Here's the output print:

iris shapes: (150, 4), (150,), num classes: 3
2023-08-15 19:21:38,598 INFO XGBoost-PySpark: _fit Running xgboost-2.0.0-dev on 1 workers with
        booster params: {'objective': 'multi:softprob', 'device': 'cpu', 'num_class': 3, 'nthread': 1}
        train_call_kwargs_params: {'verbose_eval': True, 'num_boost_round': 100}
        dmatrix_kwargs: {'nthread': 1, 'missing': nan}
[19:21:40] task 0 got new rank 0                                    (0 + 1) / 1]
2023-08-15 19:21:42,131 INFO XGBoost-PySpark: _fit Finished xgboost training!   
classifier f1=1.0                                                               
xgb_classifier_model_path: /tmp/xgb_classifier_model
/tmp/xgb_classifier_model/model/._SUCCESS.crc
/tmp/xgb_classifier_model/model/_SUCCESS
/tmp/xgb_classifier_model/model/.part-00000.crc
/tmp/xgb_classifier_model/model/part-00000
/tmp/xgb_classifier_model/metadata/._SUCCESS.crc
/tmp/xgb_classifier_model/metadata/_SUCCESS
/tmp/xgb_classifier_model/metadata/.part-00000.crc
/tmp/xgb_classifier_model/metadata/part-00000
trivialfis commented 1 year ago

My environment: pyspark: 3.4.1 xgboost: 2.0.0-dev b82e78c1693f63c49cb4d0be62a220698d43f880

trivialfis commented 1 year ago

Screenshot from 2023-08-15 19-28-16

atronchi commented 1 year ago

Oooh interesting, I'm using only pySpark 3.2 and 3.3 so far. Let me see about upgrading to 3.4.

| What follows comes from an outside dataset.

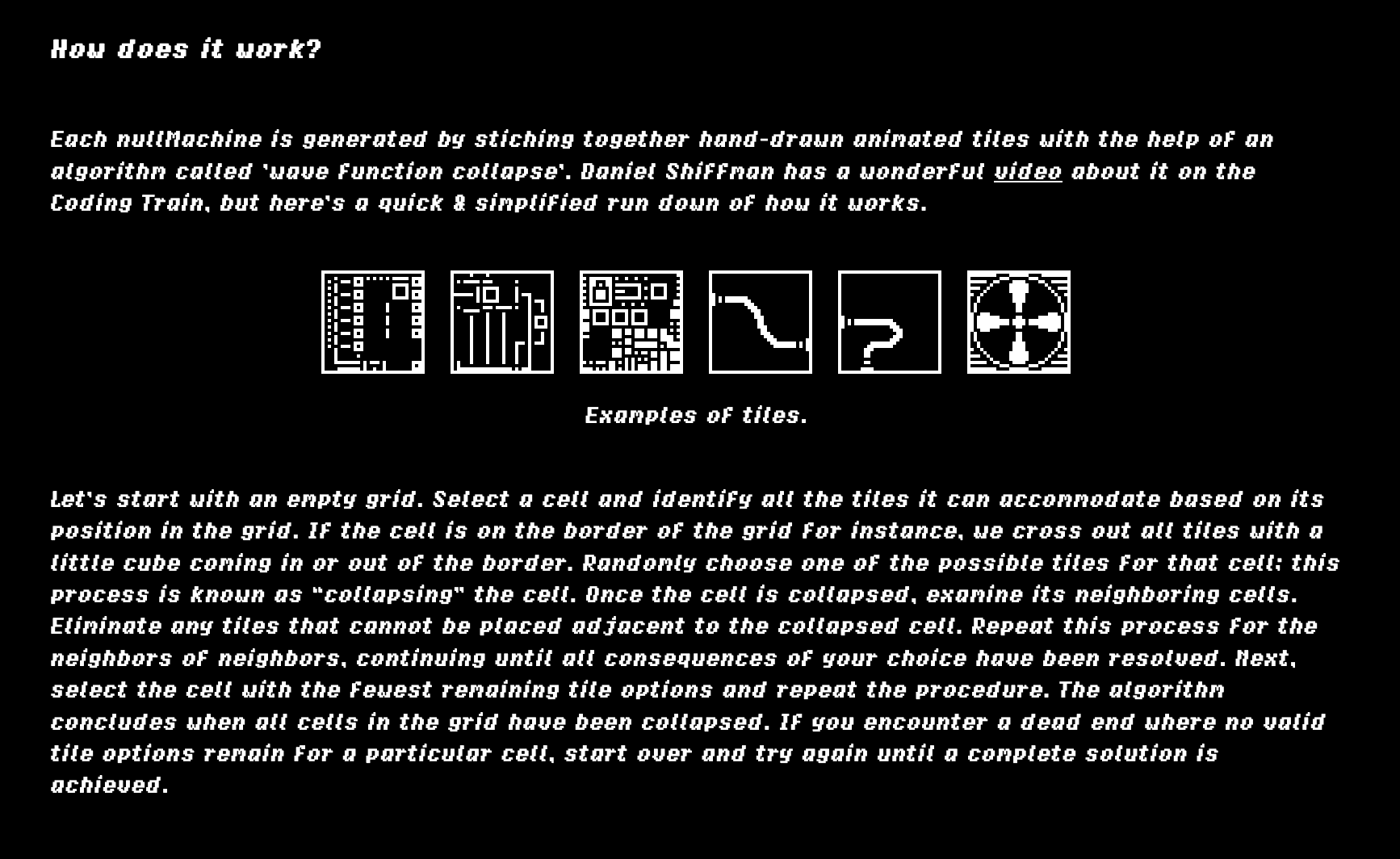 To cap off the Web3 news this week, I wanted to share another stellar project that's releasing next month; a collab between the two monochrome pixel junkies loackme and Kerim Safa titled Null Machines, putting a generative twist on Kerim Safa's trademark conveyor belts. They've set up a dedicated project page that tells a little but more about the project and how the tiny mesmerizing machines come to life, even share the recipe that aligns the animated tiles into a looping whole:

atronchi commented 1 year ago

A colleague pointed out that my Spark session is configured for writing to S3 which apparently breaks writing local parquet. With these configs I was able to provide an S3 path instead of a local path and it worked out of the box as described in the docs.

image

I think this results from these configs for using Apache Iceberg:

image
atronchi commented 1 year ago

In hindsight, it might be worth noting this in the docs about persisting the model that if the spark catalog is configured for S3 then you should use an S3 path instead of a local path to persist and load models.

trivialfis commented 1 year ago

Thank you for sharing, would you like to open a PR for the doc?